Shadowcaster are a four-piece band from Manchester. Or more accurately, they are five lads with guitars and a garage and an ambition to forget school, forget their troubled home lives, forget GCSEs and see their heroes, The Stone Roses, as they play the biggest gig of their career.
As the defining concert of their generation is announced, the band are convinced that all they need is to get tickets, get to the gig, meet Ian Brown, give him their demo tape, and the rest, as the saying goes, will be history.
A simple enough plan, right? But with no tickets and a sold out gig to contend with, the boys embark on a road trip in a “borrowed” florist’s van to Spike Island. Along the way friendships are tested and their futures shaped – together or apart.
Consistently hilarious and heart-warming, Spike Island perfectly captures a defining era in British music history.

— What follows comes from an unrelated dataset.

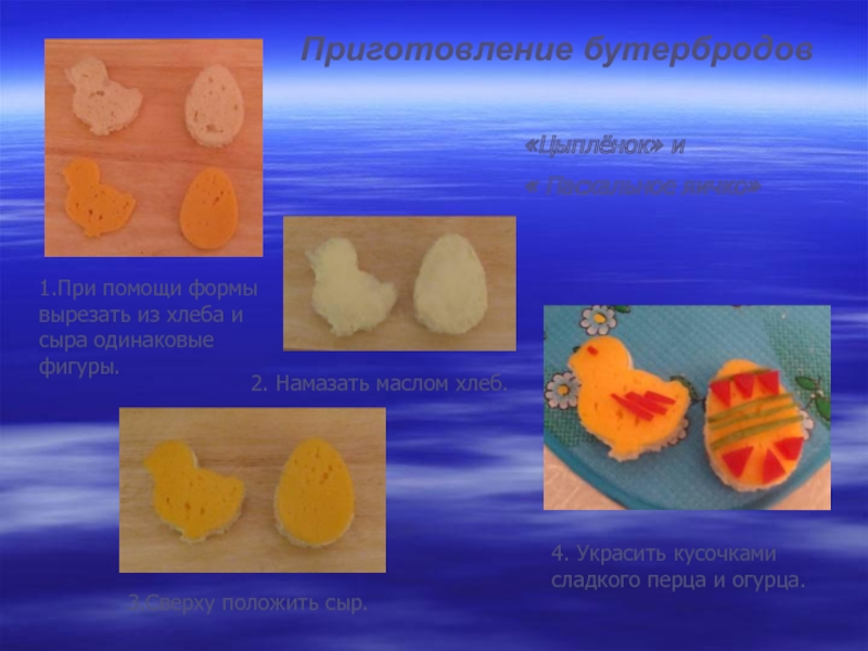 1.При помощи формы вырезать из хлеба и сыра одинаковые фигуры.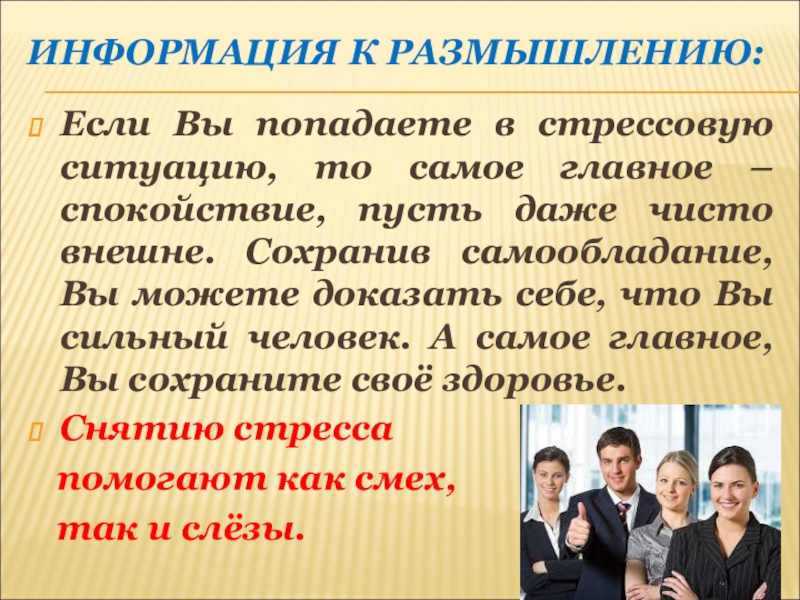 ИНФОРМАЦИЯ К РАЗМЫШЛЕНИЮ: Если Вы попадаете в стрессовую ситуацию, то самое главное – спокойствие, пусть даже чисто

The Madchester scene is an era I can relate too as I was of similar age as the characters of the film, no matter what part of UK you came from, you couldn't go anywhere without hearing one band from the scene. Spike Island is looks like a love letter to Madchester or to be more precise Stone Roses which will be like a nostalgic ride down memory lane for fans. The film also stars Game Of Thrones Emilia Clarke which has put some weight behind the film however if your a fan of  British Independent films you'll want to check this one out.



Spike Island stars Elliott Tittensor, Nico Mirallegro, Jordan Murphy, Adam Long and the film arrives in UK&Irish cinemas from 21st June.